Нулевой цикл. 1

   Воздух.
   Загустевший где-то под звёздами, у оболочки Вселенной, завитой в вихри горячими телами звёзд и планет, падает сквозь тёмно-изумрудное небо. Ударяется во встреченные по пути планеты, выпадает дождями, оставляет мокрую, брызнувшую городами Землю, чтобы облетев Вселенную изнутри, вокруг пустого центра Вселенского равновесия, вдоль клубящейся, невидимой с земли оболочки, снова встретить знакомую, неспешную планету.
   И сырой, прохладой щекой прильнуть к лицу, обнять прохладой руки, плечи, прильнуть к груди. Обнять за шею, растечься по лбу, вдоль бровей, вдоль носа, просить, заставлять вдыхать вкусный, чистый запах свой, вдыхать глубоко, чтобы туманились глаза от невозможности вдохнуть сразу всё нежное, изумрудное небо. Поднять подбородок твой упругим, влажным языком своим и взлететь вверх, чтобы за границей всех городов нырнуть за стекающий со звёзд дневной макияж.
   И влюбиться в поток радости, сорваться с брошенных на Землю рельсов, чтобы нестись за жизнью, чтобы жить радостью, дышать ей, только ей.
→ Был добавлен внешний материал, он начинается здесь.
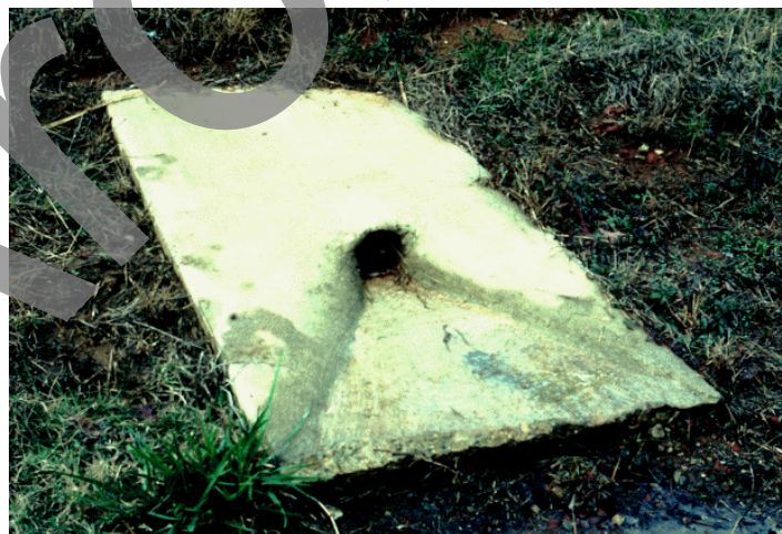
Photo No. 8 Large Outlet Pipe Headwall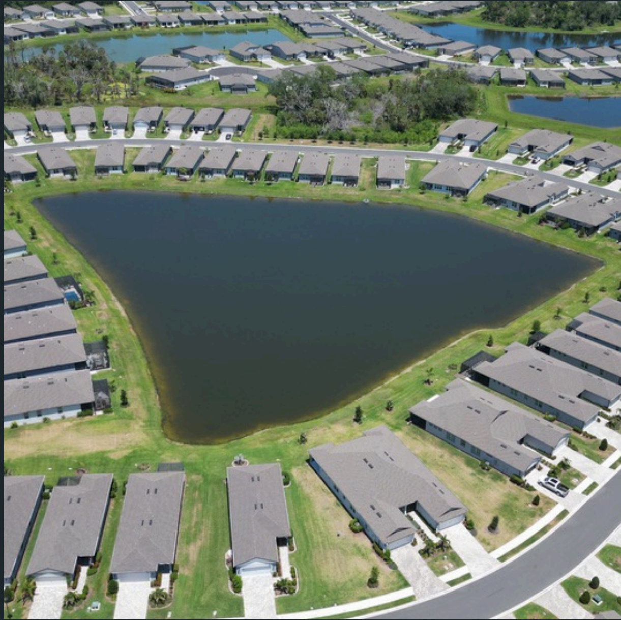
Pond #29 Treated for Shoreline Vegetation.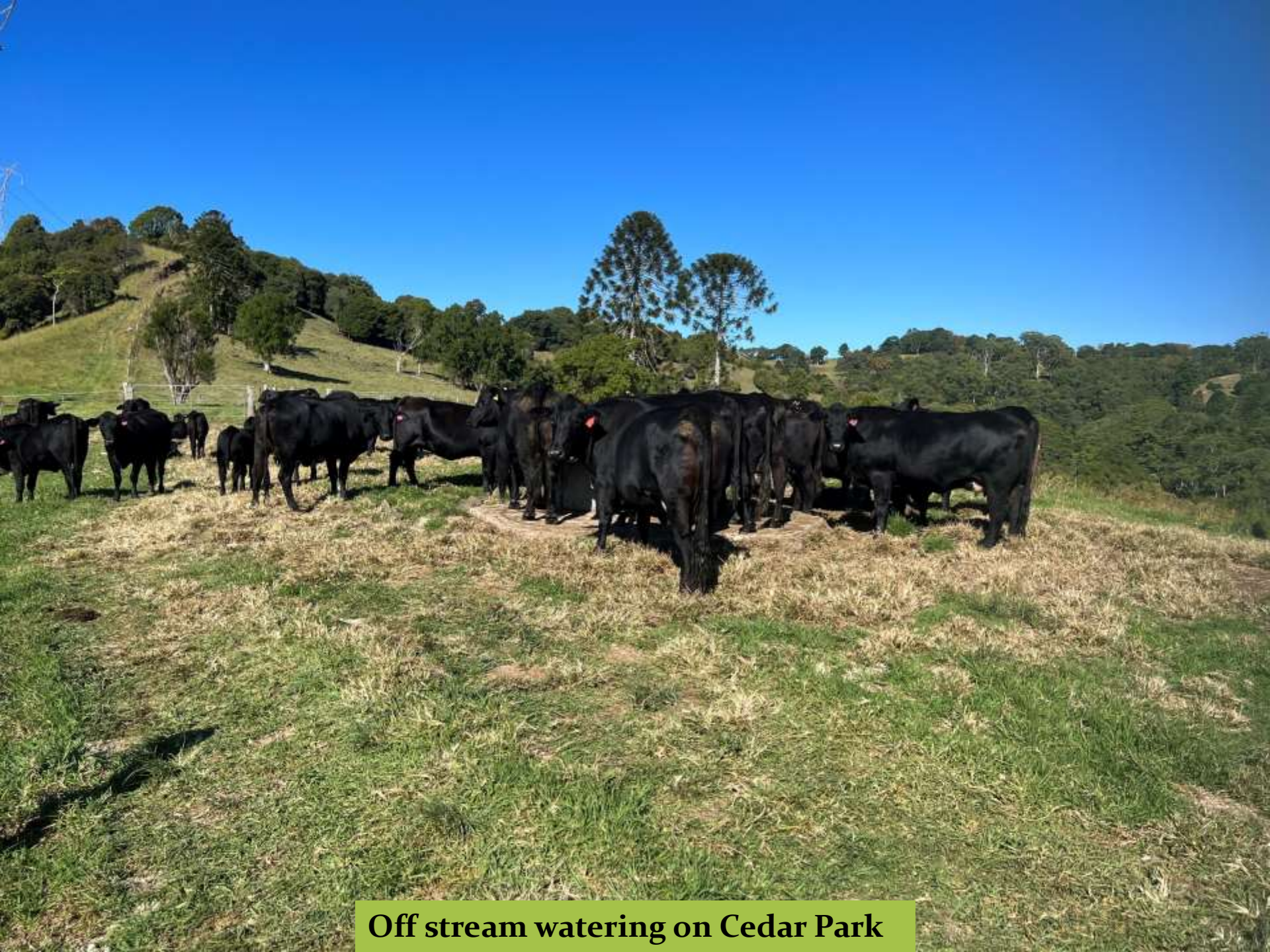
Off stream watering on Cedar Park

И остаток жизни провести радостным, весёлым крепышом, пить чай на веранде загородного дома, мимо которого, между Землёй и Звёздами, проносятся поезда и электрички завивают в кудри зимний лёгки снег, летнюю сухую пыль, вперемежку с городским мусором.
   И в электричке, под дороге к метро, над отмытой от ржавчины щебёнкой, брошенной на насыпь хрустящим половиком, наблюдать сквозь провода а губками облаков, которыми ветер трёт по остаткам тонкого слоя ночной краски, отмывает Млечный Путь, потерявший звёзды, играющие разными цветами, радующиеся своему одиночеству.
   И какая из них упадёт?
   Воздух течёт и течёт по оболочке Вселенной, наполняется горячей. упругой силой, растворяющейся в воздухе от прикосновения.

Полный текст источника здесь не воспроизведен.